Task item
Below are lines of data, and only some are wanted. Please repeat exactly those from the line that has "Ring - Size 6" through the line that has "Hacemos de su".

Dataset
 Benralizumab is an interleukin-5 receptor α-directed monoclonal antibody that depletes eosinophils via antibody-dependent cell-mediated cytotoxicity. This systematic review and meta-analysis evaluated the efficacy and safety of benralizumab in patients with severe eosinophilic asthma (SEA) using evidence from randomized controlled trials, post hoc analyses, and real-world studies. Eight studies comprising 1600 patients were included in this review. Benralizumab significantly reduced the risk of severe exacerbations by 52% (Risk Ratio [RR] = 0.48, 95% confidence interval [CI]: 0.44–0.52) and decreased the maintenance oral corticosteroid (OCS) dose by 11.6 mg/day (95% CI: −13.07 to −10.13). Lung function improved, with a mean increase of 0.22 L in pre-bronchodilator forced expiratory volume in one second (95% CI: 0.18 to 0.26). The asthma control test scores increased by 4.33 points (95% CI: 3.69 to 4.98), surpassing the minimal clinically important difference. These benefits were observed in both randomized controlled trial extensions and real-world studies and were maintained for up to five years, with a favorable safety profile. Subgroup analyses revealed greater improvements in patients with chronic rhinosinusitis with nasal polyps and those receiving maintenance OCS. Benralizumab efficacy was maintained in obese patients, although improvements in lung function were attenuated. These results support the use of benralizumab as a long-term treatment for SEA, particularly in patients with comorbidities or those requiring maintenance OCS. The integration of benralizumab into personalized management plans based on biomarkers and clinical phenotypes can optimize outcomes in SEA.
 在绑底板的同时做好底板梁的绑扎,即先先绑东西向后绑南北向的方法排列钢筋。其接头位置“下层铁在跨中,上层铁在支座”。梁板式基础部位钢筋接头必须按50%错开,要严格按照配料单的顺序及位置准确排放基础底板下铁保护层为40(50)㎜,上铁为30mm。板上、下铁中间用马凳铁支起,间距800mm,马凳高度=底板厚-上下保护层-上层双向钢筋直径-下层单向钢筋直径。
---
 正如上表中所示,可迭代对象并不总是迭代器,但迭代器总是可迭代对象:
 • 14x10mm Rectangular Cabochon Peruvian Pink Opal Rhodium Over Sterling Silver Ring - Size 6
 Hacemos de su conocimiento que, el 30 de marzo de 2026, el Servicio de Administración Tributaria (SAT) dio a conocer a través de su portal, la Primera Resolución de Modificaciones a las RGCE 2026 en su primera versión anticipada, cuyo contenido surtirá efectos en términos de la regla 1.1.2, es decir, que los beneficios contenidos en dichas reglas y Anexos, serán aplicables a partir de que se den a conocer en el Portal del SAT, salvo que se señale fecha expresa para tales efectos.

Answer to this exercise
 • 14x10mm Rectangular Cabochon Peruvian Pink Opal Rhodium Over Sterling Silver Ring - Size 6
 Hacemos de su conocimiento que, el 30 de marzo de 2026, el Servicio de Administración Tributaria (SAT) dio a conocer a través de su portal, la Primera Resolución de Modificaciones a las RGCE 2026 en su primera versión anticipada, cuyo contenido surtirá efectos en términos de la regla 1.1.2, es decir, que los beneficios contenidos en dichas reglas y Anexos, serán aplicables a partir de que se den a conocer en el Portal del SAT, salvo que se señale fecha expresa para tales efectos.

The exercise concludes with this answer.